Write the full listing out again, word for word, but omit the pictures.

┌──

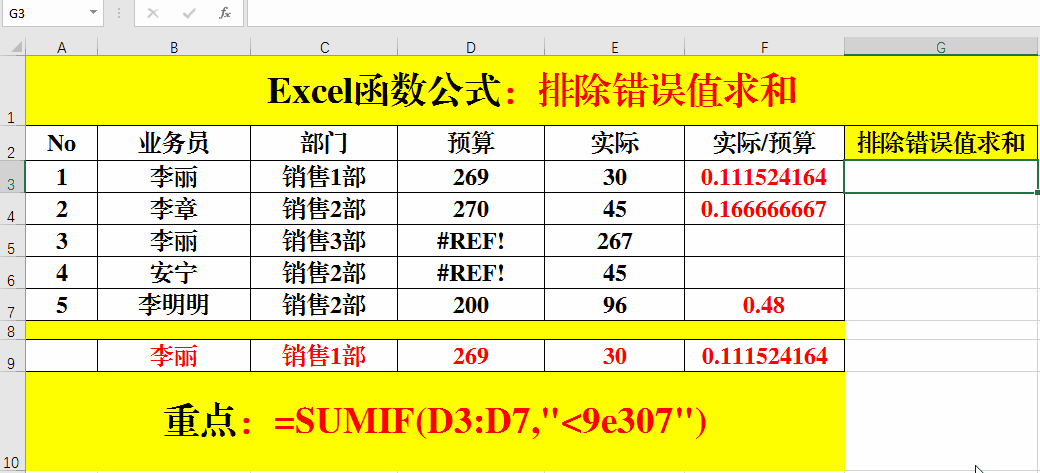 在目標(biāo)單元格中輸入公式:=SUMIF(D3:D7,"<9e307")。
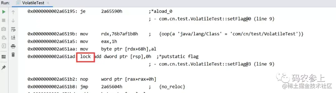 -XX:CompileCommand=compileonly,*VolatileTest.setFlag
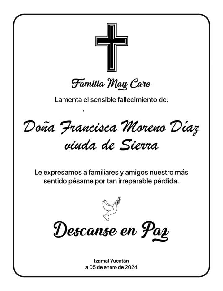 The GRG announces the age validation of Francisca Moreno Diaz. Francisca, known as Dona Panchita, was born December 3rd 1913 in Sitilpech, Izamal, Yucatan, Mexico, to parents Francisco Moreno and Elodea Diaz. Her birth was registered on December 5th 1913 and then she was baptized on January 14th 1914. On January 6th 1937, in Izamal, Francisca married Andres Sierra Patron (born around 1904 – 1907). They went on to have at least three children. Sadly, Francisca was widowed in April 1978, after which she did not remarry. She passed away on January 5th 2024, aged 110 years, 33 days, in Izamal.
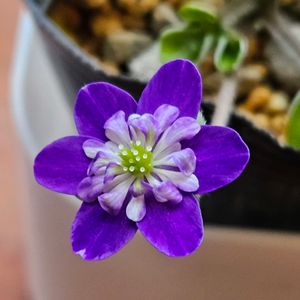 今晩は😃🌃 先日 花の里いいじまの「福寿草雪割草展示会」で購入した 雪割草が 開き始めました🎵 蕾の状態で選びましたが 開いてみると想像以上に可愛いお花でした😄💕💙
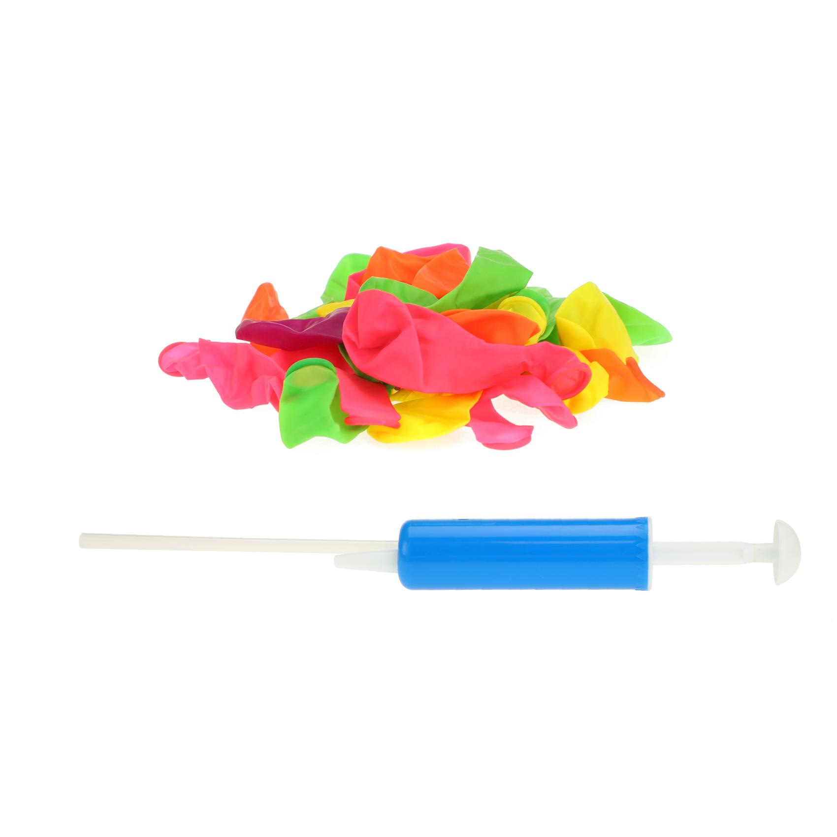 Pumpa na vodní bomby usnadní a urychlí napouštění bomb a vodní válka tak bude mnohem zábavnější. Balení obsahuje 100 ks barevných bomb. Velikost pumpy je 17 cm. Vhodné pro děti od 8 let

└──

[ANSWER FOR THIS EXERCISE]
 在目標(biāo)單元格中輸入公式:=SUMIF(D3:D7,"<9e307")。
 -XX:CompileCommand=compileonly,*VolatileTest.setFlag
 The GRG announces the age validation of Francisca Moreno Diaz. Francisca, known as Dona Panchita, was born December 3rd 1913 in Sitilpech, Izamal, Yucatan, Mexico, to parents Francisco Moreno and Elodea Diaz. Her birth was registered on December 5th 1913 and then she was baptized on January 14th 1914. On January 6th 1937, in Izamal, Francisca married Andres Sierra Patron (born around 1904 – 1907). They went on to have at least three children. Sadly, Francisca was widowed in April 1978, after which she did not remarry. She passed away on January 5th 2024, aged 110 years, 33 days, in Izamal.
 今晩は😃🌃 先日 花の里いいじまの「福寿草雪割草展示会」で購入した 雪割草が 開き始めました🎵 蕾の状態で選びましたが 開いてみると想像以上に可愛いお花でした😄💕💙
 Pumpa na vodní bomby usnadní a urychlí napouštění bomb a vodní válka tak bude mnohem zábavnější. Balení obsahuje 100 ks barevných bomb. Velikost pumpy je 17 cm. Vhodné pro děti od 8 let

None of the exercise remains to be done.